Bulog akan lebih fokus pada pengawasan proses ekspor dan stabilitas harga beras di dalam negeri. Pengawasan ekspor beras sangat penting dilakukan untuk mengantisipasi penyimpangan berbentuk penggelembungan volume ekspor seperti yang dikhawatirkan oleh banyak pihak. Sementara itu, minat eksportir untuk mengekspor beras premium menjadi kendor karena turunnya harga beras di pasar internasional dan penguatan kurs rupiah terhadap dollar AS, sehingga potensi margin keuntungan yang akan diperoleh menjadi tipis. Di pihak lain, Departemen Perdagangan (Depdag) masih berpikir ulang terkait rencana perpanjangan ekspor beras hingga September 2009, dengan alasan sekarang ini Indonesia sudah masuk musim paceklik. Oleh karena itu, Depdag lebih memilih untuk mengutamakan keamanan pasokan beras di dalam negeri terlebih dahulu ketimbang melakukan ekspor. Meski demikian, khusus untuk beras yang tidak dikonsumsi dalam negeri seperti beras organik, masih ada kemungkinan untuk dilakukannya perpanjangan ekspor hingga September nanti. Terlaksana atau tidaknya Indonesia melakukan ekspor beras tentu tergantung pula pada harga beras di pasar negara tujuan. Jika harganya terus menurun sebagaimana kecenderungan perkembangan harga beras yang diterbitkan oleh Food and Agriculture Organization of The United Nations (FAO - UN) pada bulan Mei 2009, kemungkinan ekspor beras tidak akan dilakukan. Dari grafik yang dirilis oleh FAO tersebut dapat dibaca bahwa harga beras di pasar internasional cenderung naik pada awal tahun 2008, tetapi sejak bulan Mei 2008 sampai dengan bulan April 2009 harga beras cenderung terus menurun.

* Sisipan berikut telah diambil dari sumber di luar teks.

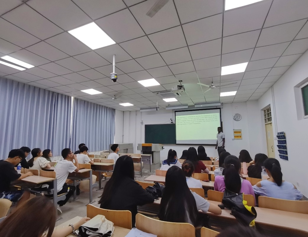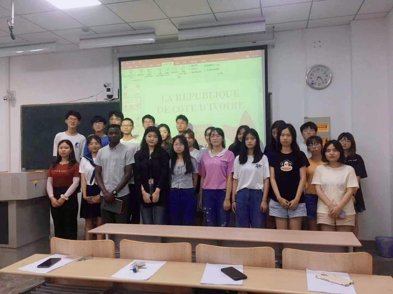 本次活动由夏维婷主持,共分为三个环节。首先,由国际教育学院SIB SANSAN MONE介绍他的家乡——科特迪瓦共和国的经济、政治、文化,使同学们对于“西非明珠”科特迪瓦这个国家有了更深入的了解。随后,19级国际班闫思纯和20级国际班尹昊同学分别进行了以电子商务对中国对外贸易的影响、社交媒体焦虑为主题的英文演讲,收获了全场同学的赞扬与热烈掌声。最后,20级国际班班长尹昊为留学生赠送了写有国际班学生签名和鼓励祝福语的笔记本,并合影留念。
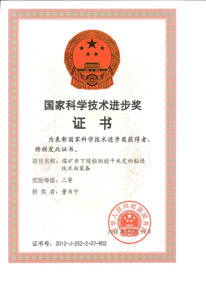 2.2012年国家科技进步二等奖--煤矿井下随钻测控千米定向钻进技术与装备,排名第2;

Komoditi Kedelai Kedelai saat ini bukan hanya untuk bahan baku industri pembuatan tahu tempe saja, tetapi makin beragam seperti untuk bahan baku susu dan berbagai produk makanan lainnya. Hal ini mendorong permintaan kedelai dalam negeri semakin tinggi. Secara teoritis, apabila permintaan meningkat maka harga cenderung akan naik. Oleh sebab itu, harga dasar kedelai perlu ditetapkan oleh instansi yang berwenang untuk menjamin keberlangsungan usaha pengrajin tahu, tempe dan susu kedelai, serta menggiatkan petani kedelai. Jika harga dasar atau semacam harga pembelian pemerintah (HPP) sudah ditetapkan, akan membuat pengrajin tahu, tempe serta susu kedelai lebih tenang berusaha karena tidak lagi perlu terlalu mengkhawatirkan terjadinya fluktuasi harga yang melambung tinggi seperti halnya yang pernah terjadi pada tahun lalu, yang mengakibatkan banyak pengrajin menutup usahanya. Di sisi lain, petani juga akan lebih termotivasi untuk menanam kacang kedelai, karena mereka tidak terlalu khawatir akan anjloknya harga jual pada saat panen raya tiba. Jika petani semakin bergairah untuk menanam kedelai, maka produksi dalam negeri akan meningkat dan mengurangi kebutuhan impor. Sebagai gambaran, pada saat ini produksi kedelai petani kita hanya sekitar 400 ton per tahun, hanya mampu penuhi 20 persen dari total kebutuhan kedelai nasional yang mencapai 2,2 juta ton per tahun. Sebanyak 1,8 juta ton diantaranya masih dipenuhi dari kedelai impor beberapa negara seperti Amerika Serikat guna memenuhi konsumsi kedelai nasional yang terus meningkat seiring pertumbuhan penduduk Indonesia.